Field: surface_temperature (ncvar%m01s00i507_10)
------------------------------------------------
Data            : surface_temperature(time(241), latitude(324), longitude(432)) K
Cell methods    : time(241): mean (interval: 900 s)
Dimension coords: latitude(324) = [-89.72222137451172, ..., 89.72222137451172] degrees_north
                : longitude(432) = [0.4166666567325592, ..., 359.5833435058594] degrees_east
Auxiliary coords: time(time(241)) = [1950-01-01 01:30:00, ..., 1950-01-30 22:30:00] 360_day

In both cases there should be a cell method which conforms to the relevant part of the CF conventions. All long names should be checked for such averaging and the appropriate cell methods used.

The text was updated successfully, but these errors were encountered:

grenville · 2022-11-04T09:56:22Z

STASH_to_CF.txt might provide this or can be modified to do so, m01s00i507 has:

0!506!surface_temperature!K!where_land!
0!507!surface_temperature!K!where_open_sea!
0!508!surface_temperature!K!where_sea_ice!

davidhassell · 2022-11-07T14:46:23Z

Hi - this is a feature!
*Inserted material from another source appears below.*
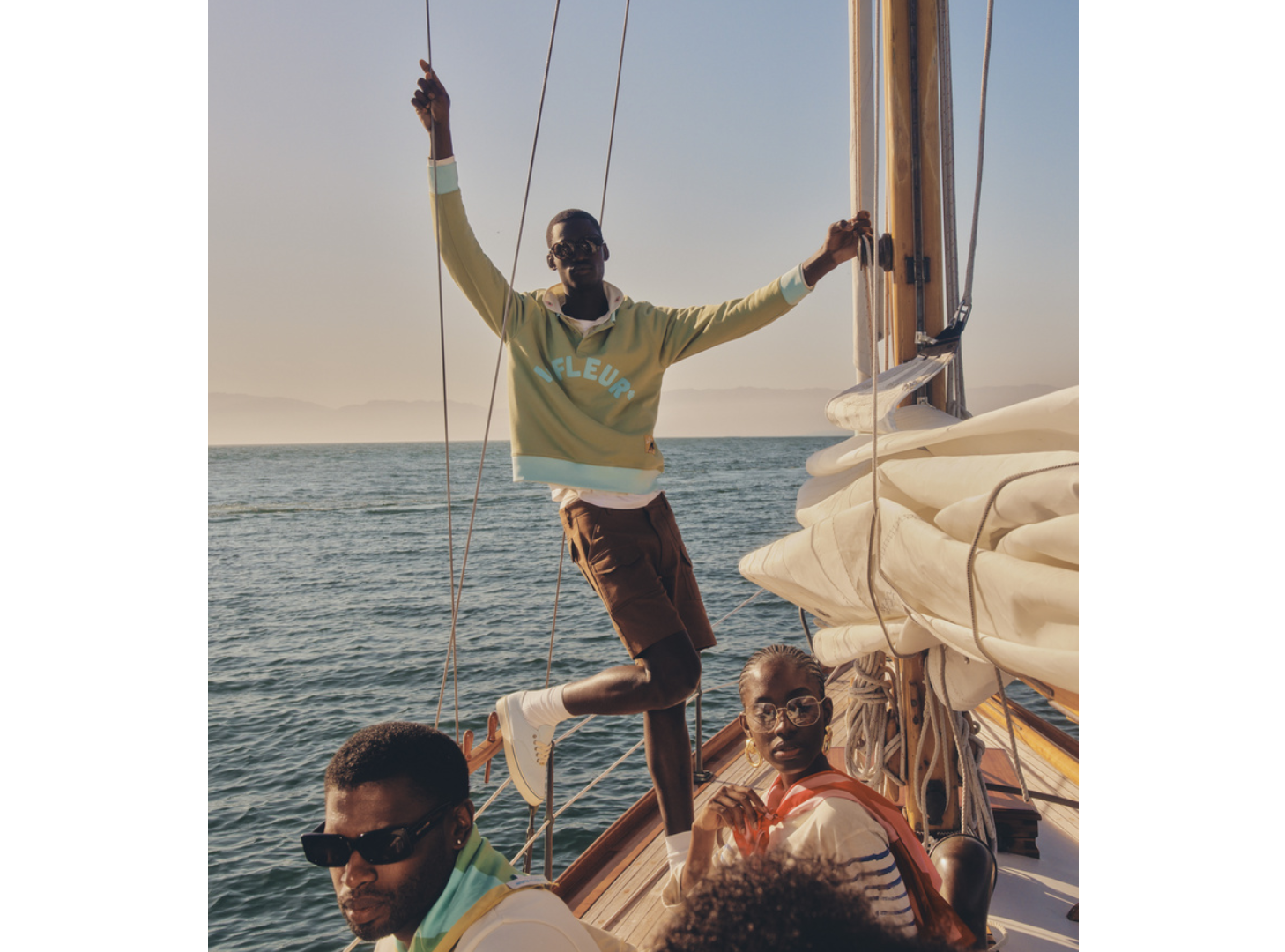 A coleção resgata os modelos Naut-1, inspirado em boat shoes minimalistas com vibe náutica, e o Coach Jogger, tênis de corrida com design retrô e construção robusta. Os calçados aparecem em diferentes combinações de materiais e cores vibrantes, com detalhes exclusivos como estampas florais, cadarços em corda e branding Golf Le Fleur.

It's because the time coordinates are encoded as auxiliary coordinates, rather than dimension coordinates.

The solution is to fix the netCDF files, which is already on my list :)

The aggregation rules are different for axes without dimension coordinates, because the dimension coordinates have more restrictions (e.g. dimension coordinates must be strictly monotonically [in|de]creasing).

When I move the time coordinates from auxiliary coordinates to dimension coordinates:

>>> import cf
>>> f = cf.read(['1m_0h__m01s00i507_2_195001-195001.nc', '1m_12h__m01s00i507_6_195001-195001.nc',
...       '1m_15h__m01s00i507_7_195001-195001.nc', '1m_18h__m01s00i507_8_195001-195001.nc',
...       '1m_21h__m01s00i507_9_195001-195001.nc', '1m_3h__m01s00i507_3_195001-195001.nc',
...       '1m_6h__m01s00i507_4_195001-195001.nc', '1m_9h__m01s00i507_5_195001-195001.nc',
...       '1m__m01s00i507_195001-195001.nc', '3h__m01s00i507_10_19500101-19500110.nc',
...       '3h__m01s00i507_10_19500111-19500120.nc', '3h__m01s00i507_10_19500121-19500130.nc'],
...      aggregate=False)
...
>>> for i in f:
...     axis_t = i.domain_axis('T', key=True)
...     aux_t = i.del_construct('T')
...     i.set_construct(cf.DimensionCoordinate(source=aux_t), axes=axis_t)
...

and then aggregate, I get the expected result:

>>> cf.aggregate(f, verbose=2)
Unaggregatable 'surface_temperature' fields have been output: 'time' dimension coordinate ranges overlap: [869400.0, 1722600.0], [1296000.0, 1296000.0]
[<CF Field: surface_temperature(time(1), latitude(324), longitude(432)) K>,
 <CF Field: surface_temperature(time(80), latitude(324), longitude(432)) K>,
 <CF Field: surface_temperature(time(80), latitude(324), longitude(432)) K>,
 <CF Field: surface_temperature(time(80), latitude(324), longitude(432)) K>,
 <CF Field: surface_temperature(time(8), latitude(324), longitude(432)) K>]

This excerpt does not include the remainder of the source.